Now take as a simple example a particle moving on a circle of radius ##a## around the ##z## axis of a Cartesian right-handed basis system (i.e., the basis vectors ##\vec{e}_i## are perpendicular to each other and of unit length, i.e., ##\vec{e}_i \cdot \vec{e}_j=\delta_{ij}## and oriented relative to each other such that if you point the thumb of your right hand in direction of ##\vec{e}_1##, the index finger in direction of ##\vec{e}_2##, then the middle finger points in direction of ##\vec{e}_3##).
This motion is obviously described by
$$\vec{r}(t)=\vec{e}_1 a \cos[\phi(t)] + \vec{e}_2 \sin[\phi(t)],$$
where the angle of rotation is an arbitrary function of time. Now calculate the velocity (a polar vector!)
$$\vec{v}(t)=\dot{\vec{r}}(t)=a \dot{\phi}(t) \{-\vec{e}_1 \sin [\phi(t)] + \vec{e}_1 \cos[\phi(t)] \}.$$
On the other hand
$$\vec{e}_3 \times \vec{r}(t)= a \{-\vec{e}_1 \sin [\phi(t)] + \vec{e}_1 \cos[\phi(t)] \}.$$
So we can write
$$\vec{v}(t)=\dot{\phi}(t) \vec{e}_3 \times \vec{r}(t)=\dot{\vec{\phi}}(t) \times \vec{r}.$$
From this it's clear that the cross product describes infinitesimal rotations, because the infinitesimal change of the position due to the rotation of the point around the ##z## axis is given by
$$\mathrm{d} \vec{r} = \mathrm{d} \vec{\phi} \times \vec{r},$$
and that's why we call ##\vec{\omega} = \dot{\vec{\phi}}## the angular velocity, and it's clear that it is an axial vector as is the case for ##\vec{\phi}##.
The last question now is, how you can distinguish mathematically a polar from an axial vector. The answer is, how the vectors behave under spatial reflections. A spatial reflection at the origin of the coordinate system for a position vector is defined by ##\vec{r} \rightarrow \vec{r}'=-\vec{r}##. Since of course time has nothing to do with the reflection, by definition it doesn't change. Thus also ##\vec{v}=\dot{\vec{r}}## and ##\vec{a}=\ddot{\vec{r}}## just flip their sign under spatial reflections.
For the rotation of the particle around the ##z## axis we got
$$\vec{v}=\vec{\omega} \times \vec{r}.$$
Now ##\vec{v}## and ##\vec{r}## are polar vectors and thus both flip sign under rotations. For that to be consistent with this formula, you must define that the axial vector ##\vec{\omega}## does NOT flip its sign, i.e., under spatial reflections ##\vec{\omega} \rightarrow \vec{\omega}'=\vec{\omega}##.

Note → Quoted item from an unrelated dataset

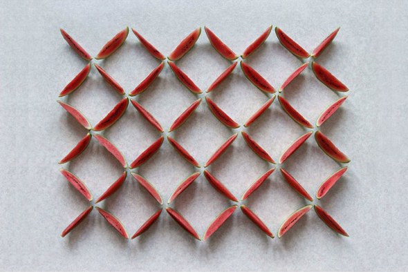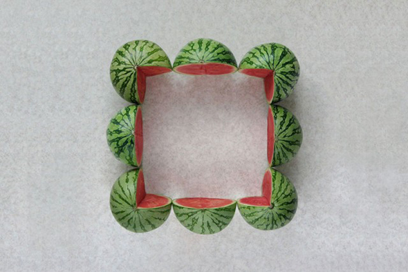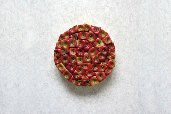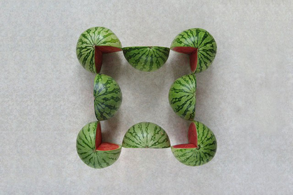 Sakir Gökcebag è un apprezzato e prolifico artista turco. Tra le molte opere raccolte sul suo portfolio (che vi consiglio di esplorare con attenzione) vi sono una serie di still life realizzati tagliando e disponendo frutta e verdura a comporre motivi e forme geometriche. Un’idea semplice ma non scontata, specchio della personalità di questo artista dall’innata capacità di vedere “oltre” gli oggetti ed il loro utilizzo.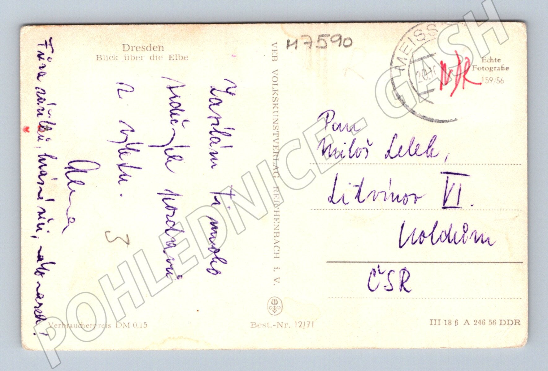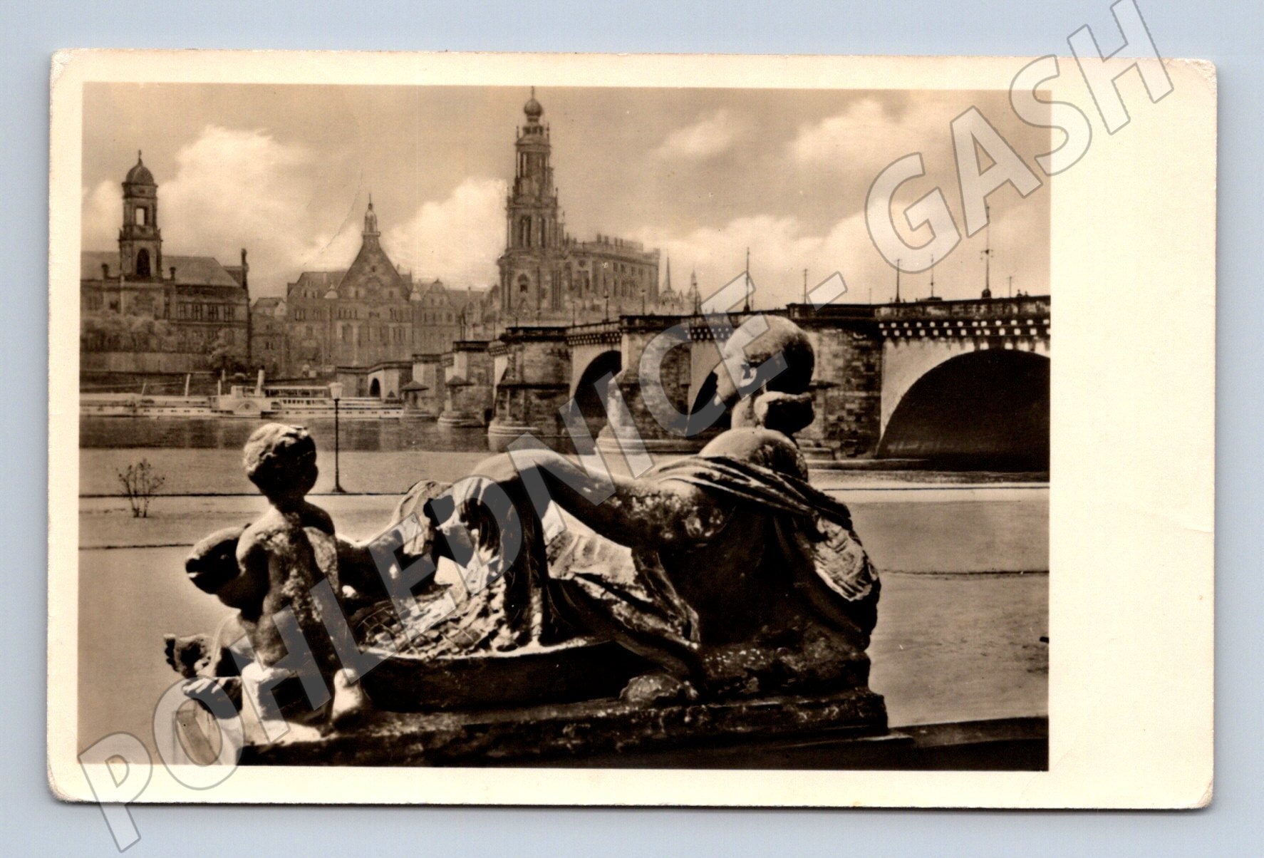 Nabízím starou pohlednici s motivem panoramatu města Drážďany (Dresden) nad řekou Labe. Na přední straně je černobílý pohled s detailní sochou v popředí a známou architekturou města v pozadí, včetně mostu přes Labe. Pohlednice je použita, prošla poštou, na zadní straně je rukopisný vzkaz, poštovní razítko a adresa do tehdejšího Československa. Jedná se o autentickou fotografii s dobovou atmosférou a známkami stáří. Vhodné pro sběratele historických pohlednic, fanoušky Drážďan nebo jako retro dekorace.

So the axial vectors simply don't change at all under spatial reflections while polar vectors flip their sign.
Another way to see this is to look again at the formula for the velocity of the particle rotating around the ##z## axis. We just take the cross product with ##\vec{r}##:
$$\vec{r} \times \vec{v}=\vec{r} \times (\vec{\omega} \times \vec{r}) = r^2 \vec{\omega}-\vec{r} (\vec{r} \cdot \vec{\omega})=a^2 \vec{\omega}.$$
Now we have expressed the axial vector ##\vec{\omega}## in terms of a cross product of two polar vectors, and obviously under space reflections we have
$$\vec{r} \times \vec{v} \rightarrow \vec{r}' \times \vec{v}'=(-\vec{r}) \times (-\vec{v})=\vec{r} \times \vec{v},$$
i.e., the cross product of two polar vectors is an axial vector.